# Computer from hell



## ROADTOAD (Jan 15, 2006)

I have an Acer Aspire T160 which has been to their warranty repair facility 5 times now since January. They seem incapable of repairing it, or even of sending it back to me repaired! The first 3 times it was returned to me it would not work. The first time it didn't have an operating system, the second time showed a Bios screen error that neither I nor any of their so called support techs could fix, and the third time showed the exact same error screen. Finally, after the fourth trip they "fixed" it by blaming all the problems on an IDE cable that had been installed by Circuit City when I bought the thing.
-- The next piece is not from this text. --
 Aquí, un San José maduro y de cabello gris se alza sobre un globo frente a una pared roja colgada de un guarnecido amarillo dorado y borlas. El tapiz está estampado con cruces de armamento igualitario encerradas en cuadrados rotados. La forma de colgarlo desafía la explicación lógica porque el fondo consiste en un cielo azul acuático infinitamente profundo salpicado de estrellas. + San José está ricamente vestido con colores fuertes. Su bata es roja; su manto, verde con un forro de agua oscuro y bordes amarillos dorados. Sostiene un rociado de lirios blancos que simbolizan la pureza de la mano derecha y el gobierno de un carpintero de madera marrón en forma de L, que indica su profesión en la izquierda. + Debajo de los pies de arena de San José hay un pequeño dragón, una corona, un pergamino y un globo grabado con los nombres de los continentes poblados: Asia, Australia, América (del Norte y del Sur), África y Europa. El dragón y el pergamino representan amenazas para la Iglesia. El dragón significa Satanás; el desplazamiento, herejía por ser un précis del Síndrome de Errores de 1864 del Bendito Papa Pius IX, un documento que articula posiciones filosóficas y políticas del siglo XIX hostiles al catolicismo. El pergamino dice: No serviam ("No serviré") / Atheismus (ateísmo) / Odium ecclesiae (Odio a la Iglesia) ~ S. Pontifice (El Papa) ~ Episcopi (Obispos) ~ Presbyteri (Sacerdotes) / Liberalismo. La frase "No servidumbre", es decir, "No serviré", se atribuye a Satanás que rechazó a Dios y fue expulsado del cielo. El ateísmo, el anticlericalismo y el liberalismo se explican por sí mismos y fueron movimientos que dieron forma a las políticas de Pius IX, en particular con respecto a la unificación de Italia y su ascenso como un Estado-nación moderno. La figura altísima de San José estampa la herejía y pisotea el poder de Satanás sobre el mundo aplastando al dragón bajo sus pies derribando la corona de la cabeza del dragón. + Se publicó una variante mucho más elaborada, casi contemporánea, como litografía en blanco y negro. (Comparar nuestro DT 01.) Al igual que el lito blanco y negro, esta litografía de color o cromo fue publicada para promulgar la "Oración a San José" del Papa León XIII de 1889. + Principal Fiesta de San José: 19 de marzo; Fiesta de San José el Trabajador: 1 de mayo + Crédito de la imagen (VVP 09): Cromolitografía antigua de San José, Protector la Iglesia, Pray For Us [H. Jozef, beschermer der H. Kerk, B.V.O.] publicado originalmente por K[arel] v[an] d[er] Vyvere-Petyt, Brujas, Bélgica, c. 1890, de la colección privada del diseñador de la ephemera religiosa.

I had them install a hard drive from my previous computer into it and they blamed all the problems the thing had on that cable by saying it was old, worn, frayed, shorting, and never should have been used. I had Circuit City check that cable, and they said it was fine, as did the independent dealer in town. It also works just fine in this computer, an ancient eMachines I use as my backup. Starting at the third repair I started asking for a replacement but that is apparently against some "company policy." At one point they had it for two months screwing around with it and I'm using a 6 year old computer. I tried the "Better Business Bureau" but they proved to be absolutely bleeping useless. I just sent it in for it's *fifth * time. If I had my way I would have delivered to them from 30,000 feet without a parachute. If ANYONE out there has ANY ways of dealing with this blind, deaf, incompetent, idiotic, pigheaded, so called computer company PLEASE let me know!!


----------



## Pistoff (Oct 5, 2004)

Acer was banned from the US for fraudulant acts for three years/about four years ago. I am seeking the story to back-up my claims now. 
Check THIS
THIS


----------



## SIR****TMG (Aug 12, 2003)

Nice story pistoff


----------



## Stoner (Oct 26, 2002)

It appears I've been lucky with my Acer T180.
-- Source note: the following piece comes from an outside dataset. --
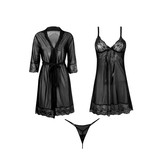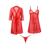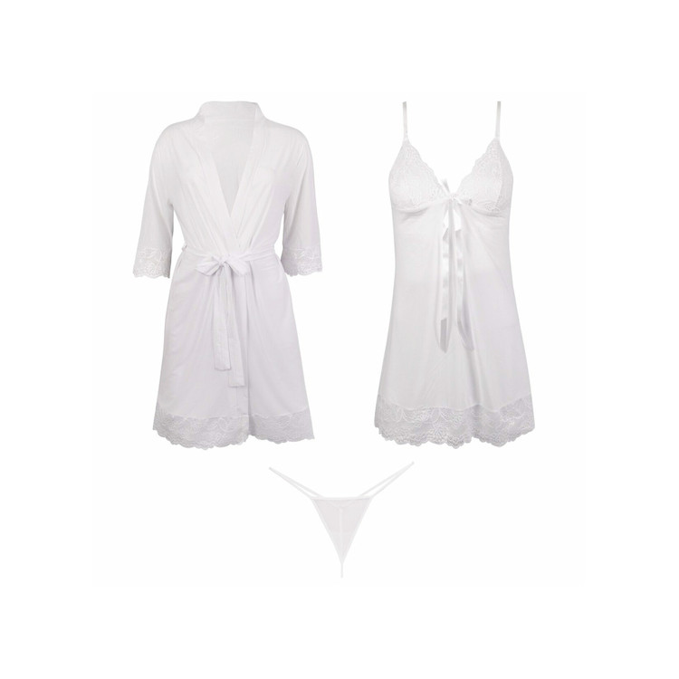 لباسخواب سه تیکه شامل یکعدد شورت بکلس ، یکعدد پیراهن و یکعدد روبدوشامبر میباشد که ترکیبی از حریر و دانتل است

As cheap as I've been seeing many of the intro computers selling at these days, 200 to 300 dollars, one has to wonder at the quality and I suspect there are many horror stories building up on those sales.
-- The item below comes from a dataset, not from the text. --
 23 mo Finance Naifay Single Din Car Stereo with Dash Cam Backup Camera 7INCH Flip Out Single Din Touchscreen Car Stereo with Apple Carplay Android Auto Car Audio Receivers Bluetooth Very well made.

I recently built a computer for an off line purpose that turned out quite well. When the time comes to replace the Acer, I'll be assembling one out of known quality parts.
So far, the experience with my Acer has been good, but I had heard the customer service was lacking before I purchased it. The price tag was what swayed my decision. 


I hope you get satisfaction, Roadtoad.
But sometimes you just have to grab the bull by the horns and fix it yourself.
There should be some TSG members in one of the Tech forums that can help, if you wind up with out getting satisfaction on your warranty.


----------



## Pistoff (Oct 5, 2004)

SIR****TMG said:


> Nice story pistoff


Neither was made by myself. I merely passed the findings on.  
I do enjoy Acer products and I sell them at the computer shop quite frequently. I'm not quite sure about their service first hand but I have heard and read of some 'night-marrish' stories. But then again - all companies are always at risk of ridicule.


----------



## hopsing47 (Apr 16, 2007)

Stories such as this fellows troubles with Acer really need to be told and circulated far and wide. Thanks to the original poster for sharing this info. Too bad info like this cannot make the nighly news or business report where millions can learn about it. 

I had my eye on an Acer model out at newegg.com, simply because it offered Win XP rather than goofy Vista (aka Longhorn) as the default operating system. Then I read the COMMENTS page, which reveals experiences from customers who had bought this particular model, to discover this particular computer packs a pathetic, scrawny, unacceptably wimpy 250 power supply.

What the hell are these people thinking?? Who, with a grain of sand for a brain, would try to power up a computer with such a small power supply? This model has a 3 gig P4 CPU with 1 gig of memory, single SATA hard drive and DVD burner and on-board sound and graphics. 

Imagine trying to actually use the available PCI Express graphics slot to install one of the newer electron-sucking graphics cards? Just the mobo and memory must have this power supply maxed out. So why do they do this. And it's not just Acer that pulls this kind of crap.

Shame on these companies.


----------



## ACA529 (Nov 16, 2005)

Acer doesn't sell their products in the US anymore?? Wow, that's not good. 

I will be sure not to buy a product from them anymore. 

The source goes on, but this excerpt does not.